Há propostas como a da CUT para a extinção do SENADO: (veja aqui: Reforma Política: contribuições da CUT para o plebiscito), concordo plenamente com isso.

Que a Câmara honre seu compromisso com o povo brasileiro e aprove o projeto sem as alterações do SENADO. E que Dilma Rousseff decisa por sua sanção. TODOS DE OLHO NO CONGRESSO!

 

Senado corta 53% dos royalties que iam para educação

Estimativa de repasse para a saúde também caiu, de R$ 69,77 bilhões para R$ 10,7 bi, em relação ao texto aprovado pela Câmara

Ocimara Balmant – O Estado de S. Paulo

04/07/2013

O projeto de lei que destina royalties do petróleo para educação e saúde, aprovado pelo Senado na noite de terça-feira, reduziu em 62% o montante direcionado às duas áreas em relação ao que havia sido votado pelos deputados.

Com isso, o repasse cai de R$ 279,08 bilhões para R$ 108,18 bilhões. No caso da educação, o porcentual diminui 53,43%: de R$ 209,31 bilhões para R$ 97,48 bilhões. Na saúde, com a redução de 84,7%, o valor despenca de R$ 69,77 bilhões para R$ 10,7 bilhões. A estimativa é da Consultoria Legislativa de Recursos Minerais, Hídricos e Energéticos da Câmara, com dados da Agência Nacional do Petróleo.

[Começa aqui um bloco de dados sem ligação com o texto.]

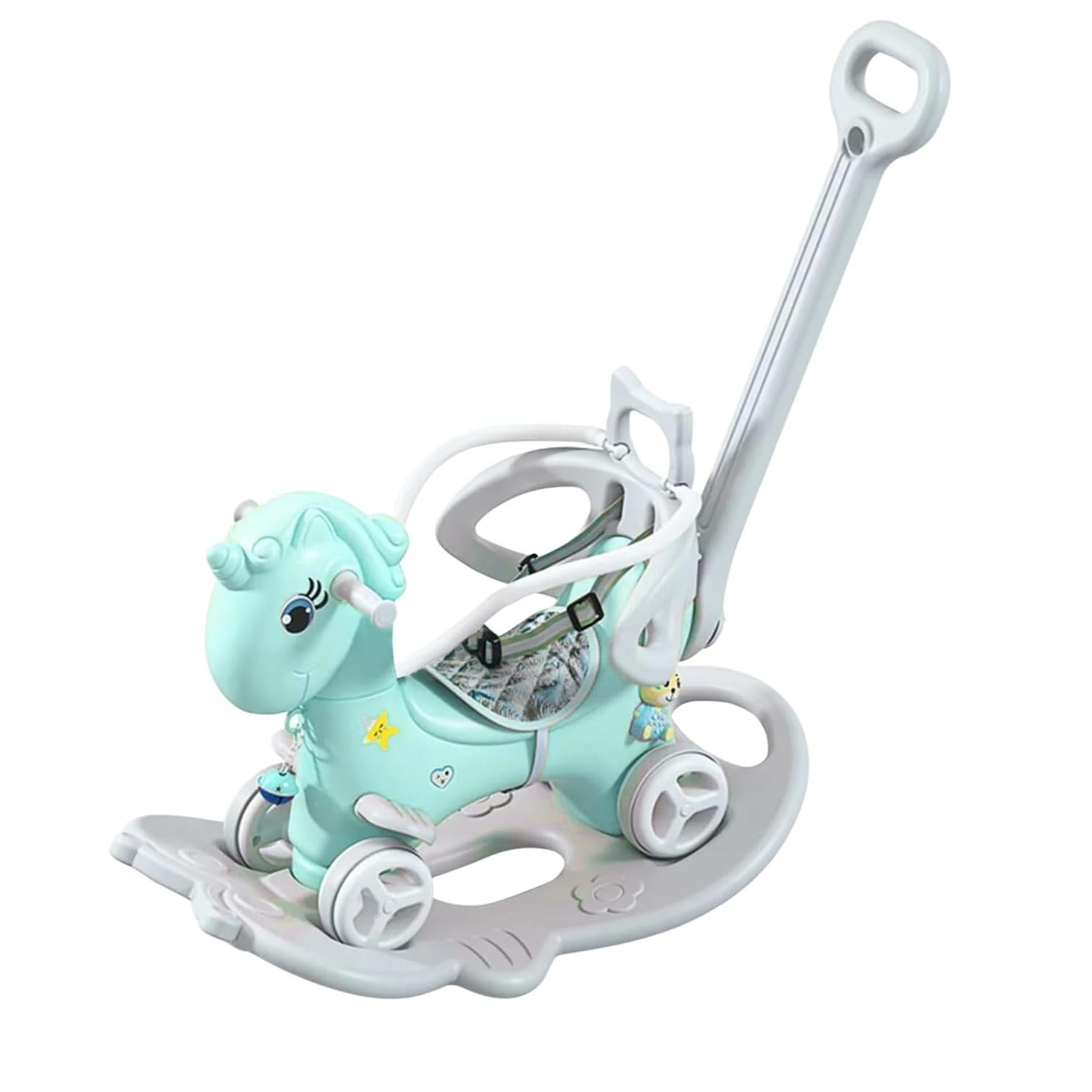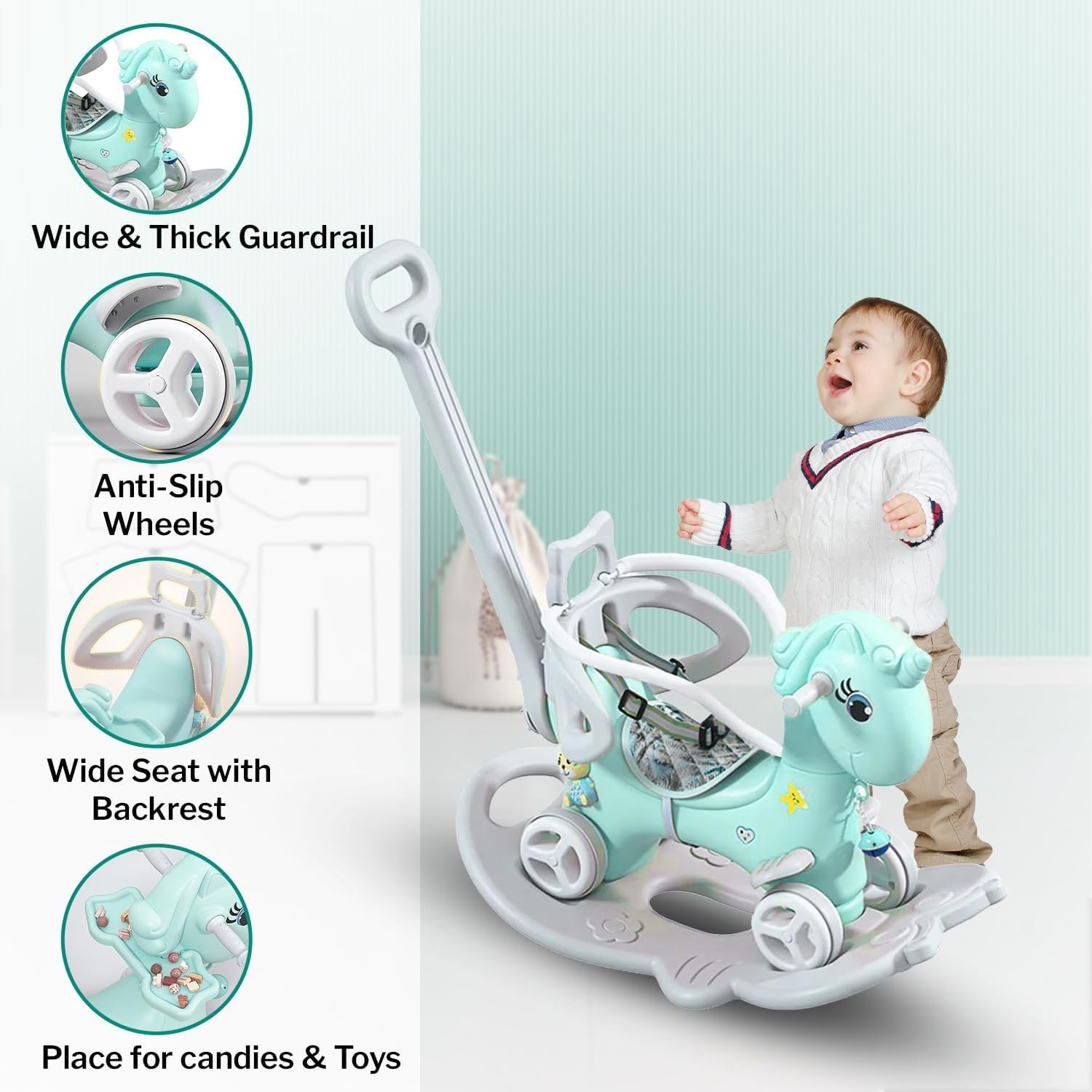 4-in-1 Ride On Toy: LET’S PLAY Rocking Horse transforms into a ride-on car, balance board, and stroller for Kids. It helps in child’s development by enhancing their balance, coordination, and motor skills.
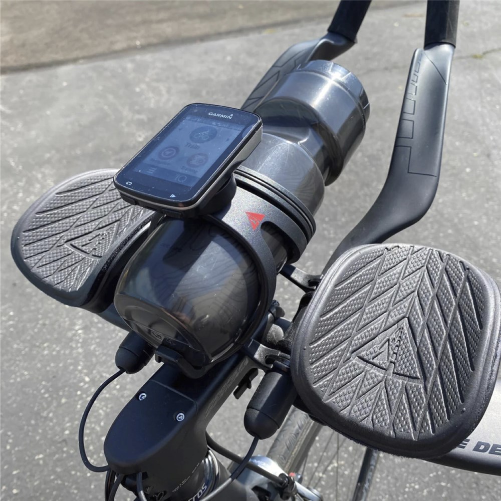 The mounting point is designed to hug the extensions just in front and behind of the aerobar bracket to suit shaped extensions like the ASC series. The HSA Mini can be reversed and flipped to give adjustability for the bottle location
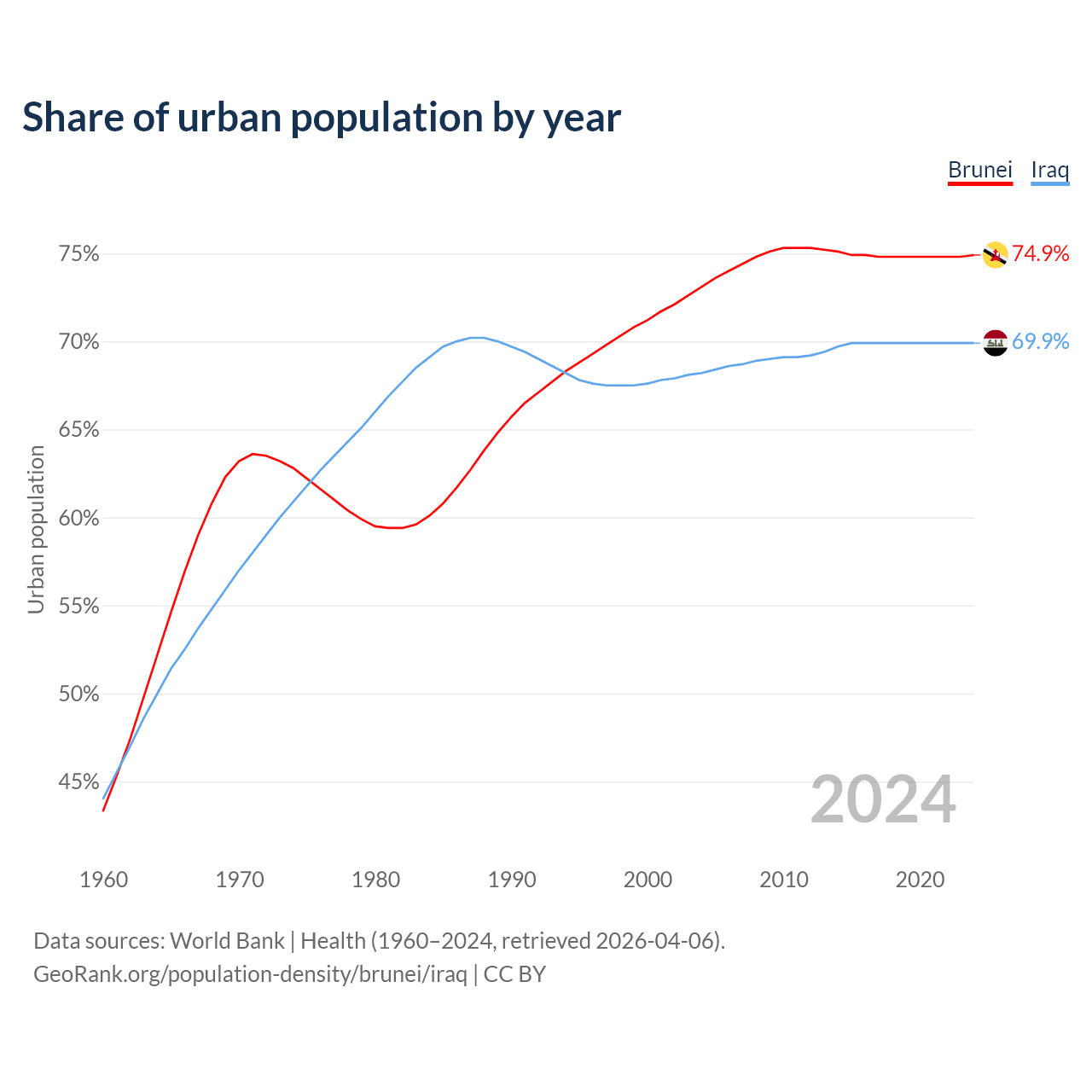 From 2004 to 2024, the share of urban population changed from 73.1% to 74.9% in Brunei and from 68.2% to 69.9% in Iraq.

É um retrocesso ao clamor popular, avaliam especialistas. O projeto da Câmara, votado na semana passada em meio ao furor das manifestações que pediam 10% do PIB brasileiro para a educação, não chegava a alcançar esse porcentual, mas previa um acréscimo de 1,1% do PIB para o setor até 2022, chegando a 7% – hoje são 5,8%.

“A redução feita pelo Senado derrubou o porcentual de 1,1% para apenas 0,4% do PIB. Foi o anticlímax. Existia um ganho que não era o ideal, mas melhorava bem. Agora voltamos quase ao zero”, diz o professor Luiz Araújo, especialista em financiamento e políticas públicas.

O relator do projeto é o líder do governo na Casa, senador Eduardo Braga (PMDB-AM), e as alterações, segundo os bastidores no Congresso, são resultado de um acordo entre governo e líderes partidários.

Entre as mudanças propostas pelo Senado, duas delas explicam a redução do investimento. A primeira é em relação aos contratos já assinados. Assim como a Câmara, o texto dos senadores mantém que royalties obtidos com a produção atual de petróleo, em contratos assinados desde 3 de dezembro de 2012, já sejam destinados ao setor. A diferença é que, pelo substitutivo, a regra vale só para os royalties que cabem à União: Estados e municípios ficam isentos da obrigatoriedade.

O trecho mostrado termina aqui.